- [TASK OBJECTIVE]
Would you reproduce the listing exactly, leaving nothing out?

- [RECORDS TO USE]
++++++++
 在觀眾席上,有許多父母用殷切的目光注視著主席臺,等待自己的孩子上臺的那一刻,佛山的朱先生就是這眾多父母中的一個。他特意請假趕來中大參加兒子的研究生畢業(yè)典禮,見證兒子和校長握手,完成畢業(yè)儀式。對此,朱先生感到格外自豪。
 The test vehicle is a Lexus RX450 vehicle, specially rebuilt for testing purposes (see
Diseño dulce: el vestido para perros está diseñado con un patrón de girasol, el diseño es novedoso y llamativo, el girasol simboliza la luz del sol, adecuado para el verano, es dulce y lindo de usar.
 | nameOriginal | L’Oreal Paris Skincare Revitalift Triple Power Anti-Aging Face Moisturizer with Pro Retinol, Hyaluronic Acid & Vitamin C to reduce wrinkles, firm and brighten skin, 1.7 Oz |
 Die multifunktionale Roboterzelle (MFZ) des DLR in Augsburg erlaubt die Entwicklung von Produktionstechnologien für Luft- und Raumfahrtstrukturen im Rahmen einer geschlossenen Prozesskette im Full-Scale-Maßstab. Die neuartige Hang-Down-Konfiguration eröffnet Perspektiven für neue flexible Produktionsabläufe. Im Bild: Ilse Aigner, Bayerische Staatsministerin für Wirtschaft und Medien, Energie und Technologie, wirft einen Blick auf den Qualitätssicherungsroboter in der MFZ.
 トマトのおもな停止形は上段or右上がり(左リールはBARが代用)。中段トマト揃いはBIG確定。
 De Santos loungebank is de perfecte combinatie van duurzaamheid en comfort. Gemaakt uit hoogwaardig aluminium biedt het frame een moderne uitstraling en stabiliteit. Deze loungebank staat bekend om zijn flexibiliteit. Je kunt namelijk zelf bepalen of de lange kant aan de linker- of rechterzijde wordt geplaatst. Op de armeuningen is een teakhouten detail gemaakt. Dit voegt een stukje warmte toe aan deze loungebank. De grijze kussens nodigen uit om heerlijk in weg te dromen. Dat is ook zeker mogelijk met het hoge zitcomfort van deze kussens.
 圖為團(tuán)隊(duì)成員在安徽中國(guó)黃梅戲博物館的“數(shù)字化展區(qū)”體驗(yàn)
++++++++
- [EXERCISE RESULT]
 在觀眾席上,有許多父母用殷切的目光注視著主席臺,等待自己的孩子上臺的那一刻,佛山的朱先生就是這眾多父母中的一個。他特意請假趕來中大參加兒子的研究生畢業(yè)典禮,見證兒子和校長握手,完成畢業(yè)儀式。對此,朱先生感到格外自豪。
 The test vehicle is a Lexus RX450 vehicle, specially rebuilt for testing purposes (see
Diseño dulce: el vestido para perros está diseñado con un patrón de girasol, el diseño es novedoso y llamativo, el girasol simboliza la luz del sol, adecuado para el verano, es dulce y lindo de usar.
 | nameOriginal | L’Oreal Paris Skincare Revitalift Triple Power Anti-Aging Face Moisturizer with Pro Retinol, Hyaluronic Acid & Vitamin C to reduce wrinkles, firm and brighten skin, 1.7 Oz |
 Die multifunktionale Roboterzelle (MFZ) des DLR in Augsburg erlaubt die Entwicklung von Produktionstechnologien für Luft- und Raumfahrtstrukturen im Rahmen einer geschlossenen Prozesskette im Full-Scale-Maßstab. Die neuartige Hang-Down-Konfiguration eröffnet Perspektiven für neue flexible Produktionsabläufe. Im Bild: Ilse Aigner, Bayerische Staatsministerin für Wirtschaft und Medien, Energie und Technologie, wirft einen Blick auf den Qualitätssicherungsroboter in der MFZ.
 トマトのおもな停止形は上段or右上がり(左リールはBARが代用)。中段トマト揃いはBIG確定。
 De Santos loungebank is de perfecte combinatie van duurzaamheid en comfort. Gemaakt uit hoogwaardig aluminium biedt het frame een moderne uitstraling en stabiliteit. Deze loungebank staat bekend om zijn flexibiliteit. Je kunt namelijk zelf bepalen of de lange kant aan de linker- of rechterzijde wordt geplaatst. Op de armeuningen is een teakhouten detail gemaakt. Dit voegt een stukje warmte toe aan deze loungebank. De grijze kussens nodigen uit om heerlijk in weg te dromen. Dat is ook zeker mogelijk met het hoge zitcomfort van deze kussens.
 圖為團(tuán)隊(duì)成員在安徽中國(guó)黃梅戲博物館的“數(shù)字化展區(qū)”體驗(yàn)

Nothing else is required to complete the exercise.